So you have a wide gap in that specific assumption. And as you can imagine, that assumption on how much your load is going to grow is a huge driver in what the model is going to tell you. The model only is as good as the inputs. And if the utilities are inputting or the third parties that are doing the study are inputting assumptions that are either too conservative or too optimistic, you’re going to end up with a transmission solution that really doesn’t reflect reality.

Another good example there is generator retirements. So at a local level, you may have transmission planners that are thinking about it, but what we’ve seen especially in PJM and other areas is that in some cases they’re not even allowed to really study these scenarios assuming generators are going to retire because that can be viewed as non-competitive because you’re planning for a generator to retire before it has actually announced its retirement. But meanwhile, when you zoom out, you can see that certain generators are going to retire, we need to start planning now for the transmission system to support that. So again, it just comes down to how those various dials are tuned to go into the model.

Ari Peskoe:

Yes. Casey, you mentioned that regulators might get involved here in scrutinizing these factors, and that might happen at a state-level planning process, but for these FERC regional processes, FERC has historically not gotten involved. Instead, what it requires is that the utilities or the RTOs let state regulators, market participants, other stakeholders participate in these scenario development processes.

And Claire, you’ve been on the ground in some recent PJM discussions about transmission planning and maybe you could tell us a little bit about how market participants and various interests have different perspectives on some of these factors and how you could imagine some of these debates playing out between state regulators or clean energy advocates or owners of natural gas plants and other parties that are going to be involved in these processes.

Claire Wayner:

Absolutely. I mean, I think what Casey said about the West very clearly applies to PJM as well where I do a lot of work. Some of the disagreements come up in terms of, for instance, generator retirements, so more clean energy advocates or just economics-based arguments could be made that more resources are going to retire, but then, obviously, owners of that generation would not want their generation to be modeled as retiring. And so that’s one potential point of contention. I think another point of contention we’ve seen in PJM is the role of state and local policy requirements.

There’s a difference between policy requirements and policy goals. Policy goals might be, well, this city or this state aspires to electrify all vehicles by a certain date, but it’s not legally binding. And so there can definitely be some disagreement on policy goals and whether they will materialize. But we’ve even seen in PJM disagreement over policy requirements which are legally binding statutes, for instance renewable portfolio standards or clean energy standards. And we’ve seen other actors in PJM, whether that be other states or generation owners or just other stakeholders disagree fundamentally with the idea that these legally binding statutes that the transmission required to meet those statutes should be regionally cost allocated. And we’ve definitely seen that disagreement play out in the media coverage around Order 1920.
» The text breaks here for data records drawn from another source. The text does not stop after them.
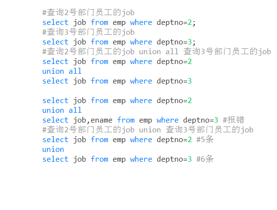 #查询2号部门员工的job union all 查询3号部门员工的job
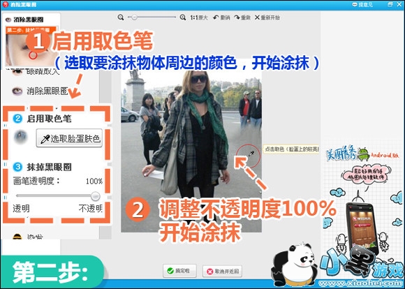 2、在跳转出来的界面中,先启用“取色笔”,在路人周围取色,并将画笔透明度调为100%,开始在路人身上涂抹。原理就是用周边景色来取代路人,所以修复过程中要在周边不断的取色来反复涂抹。
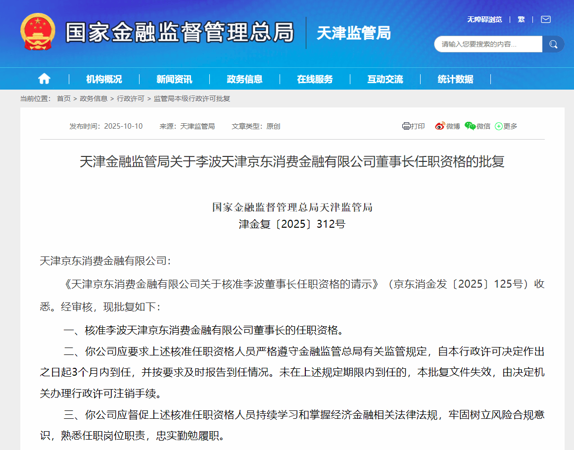 互联网巨头旗下消金公司终于迎来新"掌舵人"。 10月10日,天津金融监督管理局发布批复公告称,核准李波天津京东消费金融有限公司(下称"京东消 金")董事长的任职资格。 "75后"金融老将掌舵京东消金 公告显示,核准李波天津京东消金董事长的任职资格,要求其严格遵守金融监管总局有关监管规定,自 本行政许可决定作出之日起3个月内到任,并按要求及时报告到任情况。 公开资料显示,李波出生于1975年,为金融行业"老将",有超过20年的金融从业经验,此前曾担任工商 银行湖南省分行副行长。于2021年3月加入京东集团后,李波一直担任金融科技群要职,今年以来曾多 次以京东集团副总裁、京东科技金融科技事业群总裁参与活动。 9月26日,在2025·青岛创投风投大会上,李波出席并发表主题演讲,他表示,金融在这几年一直在持续 探索大模型技术和金融业务的结合点,经过多年时间已经从技术验证逐步走向了场景新增,覆盖场景从 用户交互到体验创新到目前智能风控智能决策效率在提升。 "科技是手段,普惠才是目的。AI驱动的重构之路,最终还是要落在普惠上,做好科技金融、绿色金 融、普惠金融、养老金融、数字金融五章大文章,让供应链金融科技广泛汇集每一个 ...

And I think what I would emphasize here is while Order 1920 requires the consideration of seven factors, it does not say that you’re only going to consider certain types of policies, right? All policies need to be considered. And so maybe one state in PJM chooses to have an RPS policy supporting wind and solar growth. Maybe another state chooses to subsidize its coal plants to keep them online. Regardless of what type of generation the policy is supporting, what Order 1920 says is that the regional planning needs to consider all of these policies and look at the transmission needed to meet those policies and then assign costs based on the benefits.

So the order is not requiring states to subsidize other state’s policies, it’s just requiring the grid operator to respond to what is written in law to ensure that the grid maintains reliability and that costs are assigned only commensurate with benefits.

Ari Peskoe:

Yeah. And it seems that sometimes the interest may be advocating for scenarios that directly align with their own financial goals. So just to give you a for example, an incumbent generator that owns, say a fleet of fossil fuel plants around a particular region may not want more transmission because it may allow potential competitors to connect more cheaply to the system, whether those new competitors are wind, solar, natural gas or whatever. And so they may want a scenario that intentionally leads to underbuilding. But sometimes the interests are less direct. So maybe, I don’t know, a rate payer advocate may just want to reduce short-term transmission costs because that could lead to higher bills in the immediate future regardless of any long-term projections about that. And so it seems like this is just a messy process to build these scenarios. And at the end of the day, at least in PJM, it’s going to be the PJM staff, I think, that make these final decisions here, right?

Claire Wayner:

Yes. And I don’t envy their job in making those final decisions, but what I will say is that’s where the power of scenario-based planning comes into play. And so FERC mandates that every long-term regional plan include at least three scenarios. And so maybe your legal mandates go in that least ambitious scenario because you know that those are going to happen. But then these other factors… And FERC even says that factors four through seven that you listed, Ari, can be probabilistically discounted for the future.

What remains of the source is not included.